Общество спектакля: комическое в фильмах Эрнста Любича

«Быть или не быть», Эрнст Любич, 1942

29 января 1892 года родился Эрнст Любич — немецкий и американский режиссер, классик золотого века Голливуда, создатель уникального комедийного стиля, который в англоязычном киноведении нередко именуют Lubitsch touch. Илья Верхоглядов рассуждает, на чем основывается его неповторимый юмор.

Эрнст Любич перебрался в Штаты в 1922 году, одним из первых среди европейских мастеров кино. К тому моменту в его режиссерском активе числились картины самых разных форматов: фарс, восточные сказки, костюмированные драмы.

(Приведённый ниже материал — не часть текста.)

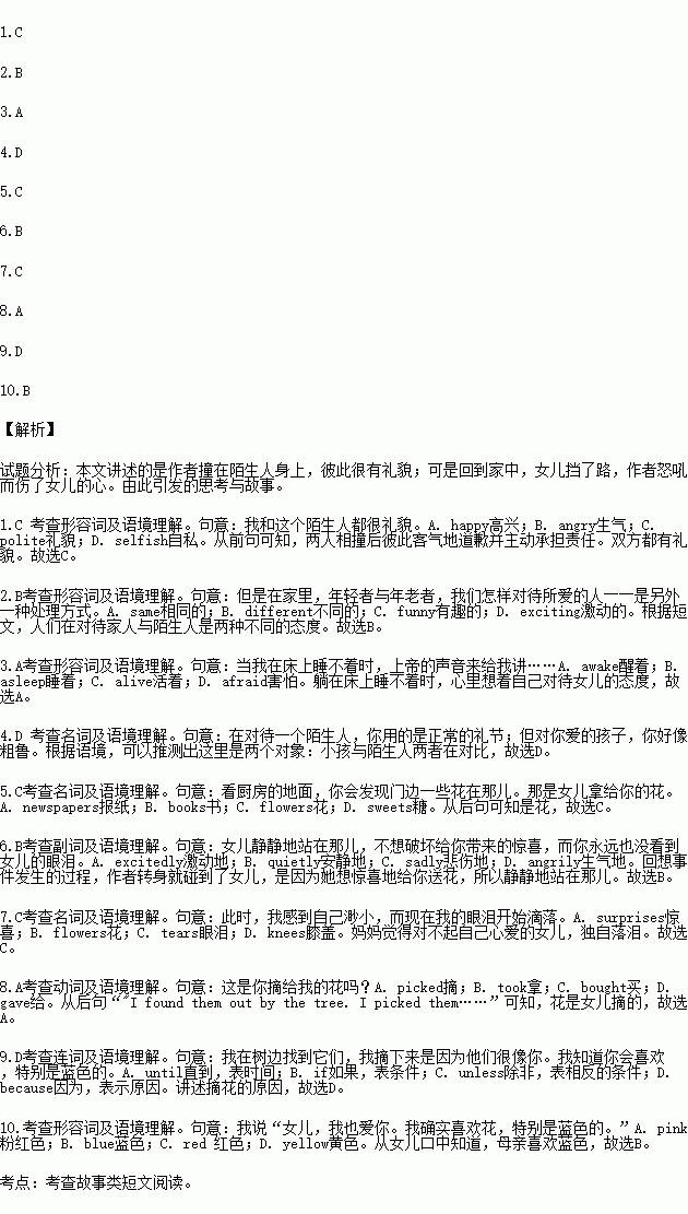 While l was in bed. God's small voice came to me and said, "When dealing with a ,common manners you use, but the children you love, you seem to be rude. Look on the kitchen floor, and you will find some there by the door. Those are the flowers your daughter brought for you. She picked them herself, pink, yellow and blue. Your daughter stood not to spoil(毁坏)the surprise, and you never saw the tears in her eyes."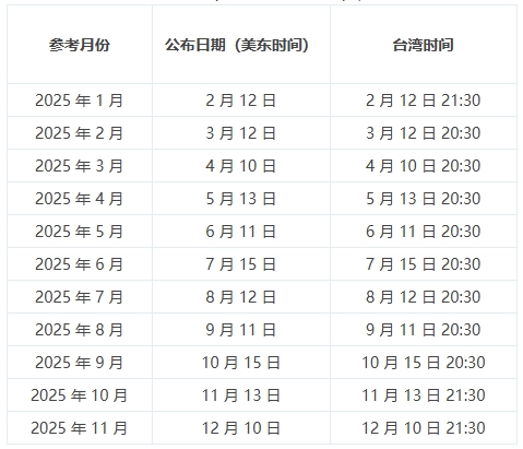 以下是2025年CPI公布时间表(美东时间上午8:30),台湾时间对应当晚8:30(或夏令时间9:30):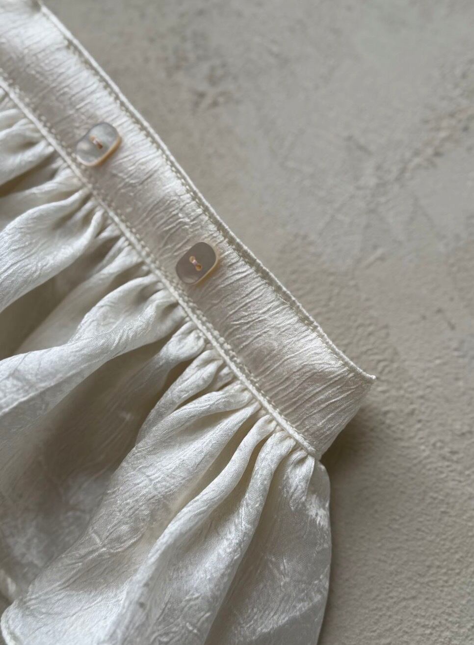 従来のスカートよりもさらに薄く軽い、一枚仕立ての構造で、より繊細でやさしい雰囲気を演出します。

В «эмигрантский» период творчества к этому перечню присоединились мюзикл и комедия нравов, которую отличали сентиментальный любовный сюжет и тонкая антибуржуазная сатира. 

Важно заметить, что во всем этом жанровом многообразии наблюдается нечто устойчивое — интерес к салонной культуре, причем вне зависимости от ее историко-географического контекста: это могли быть современные гостиные зажиточных американцев («Небеса могут подождать»), залы французского двора времен абсолютизма («Мадам ДюБарри»), усадьбы английских аристократов эпохи Реформации («Анна Болейн»). Внимание к роскошно обставленным интерьерам и праздной жизни изнеженных богачей было обусловлено, среди прочего, эстетическими соображениями: во-первых, Любич тяготел к многофигурным постановкам с большим количеством статистов (тут очевидно влияние Макса Рейнхардта, его театрального педагога), во-вторых, питал страсть к редкой материальной фактуре (а именно — к костюмам: тут сказывается его опыт работы приказчиком в магазине текстиля). Однако рискнем предположить, что салонная культура привлекала режиссера еще и в силу антропологического интереса: строго регламентированный, иерархизированный светский мир виделся ему зоной повышенной театрализации, в которой люди, вовлекаясь в ту или иную социальную игру, (пере)изобретают свой образ, меняют личины, отказываются от истинного Я. «Ой, мне так скучно, это лицо мне так надоело! Какое лицо ты бы мне сделал, если бы у тебя был выбор?» — игриво спрашивает княгиня Свана в знаменитом фильме Любича «Ниночка» (1939). Его персонажи именно этим и занимаются: в зависимости от обстоятельств они снова и снова «делают лица», конструируют себя как зрелище.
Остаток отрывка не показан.